With a concerted movement, the little party of “young people” now advanced to the tea-table. Martha set about filling cups and handing sandwiches and cake. With the munching every one began to unbend.
A rather tall girl with dark curls who looked even more serious than the others seated herself beside Rose.
“I am Deborah, the Rector’s eldest daughter,” she said quietly. “Perhaps you have never been in the house of a Rector before? It is a great pity that my honoured father is absent or you might be permitted to go in and curtsey to him. Peter ...” this somewhat sharply, addressing a slender lad in a blue coat with waistcoat and trousers of nankeen, who had pulled Ruth’s curls and was smiling mischievously as she looked from one side to the other, trying to catch her tormentor in the act.
“Deborah,” he returned, mincingly.
“Leave off your teasing ways,” she said, shaking her head. “He is a bad, wild boy, Ruth, if he is my own brother.”
“I don’t mind,” asserted Ruth, and she fixed a daring eye upon him. “Come near enough and I’ll pull your curls ... since you have them!”
He laughed, and took a seat beside her.
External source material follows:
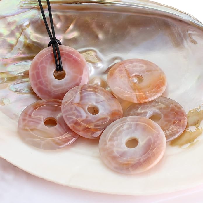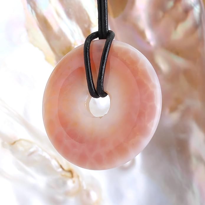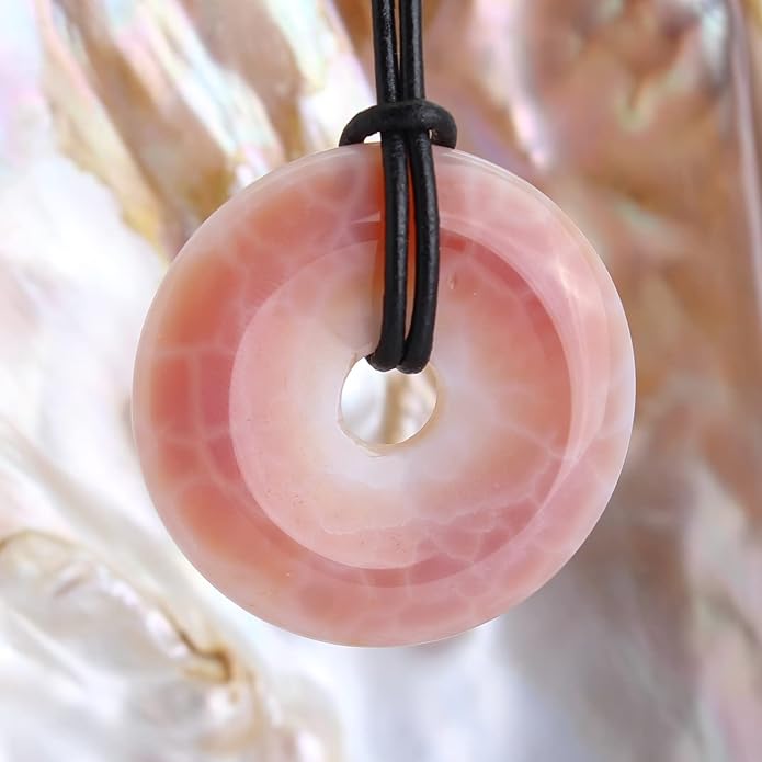Feuerachat Donut Hals Schmuck Anhänger Kettenanhänger mit Lederband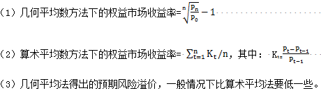 (1)算術(shù)平均數(shù)的理由:更符合資本資產(chǎn)定價模型中的平均方差結(jié)構(gòu) (2)幾何平均數(shù)的理由:考慮了復(fù)合平均,能更好地預(yù)測長期的平均風(fēng)險溢價。 多數(shù)人傾向于采用幾何平均法。 |

Deborah turned back to Rose, who was looking curiously around at the circle of proper little maidens who were eating and drinking so very, very nicely, and seeming so exceedingly staid and grown-up.
“Don’t you ever make a noise?” she asked Deborah.
“Why should we make a noise?” Deborah’s face expressed genuine amazement.
Rose sighed. She began to feel an irresistible impulse to leap up and give one good yell—Red Indian yell, she muttered to herself.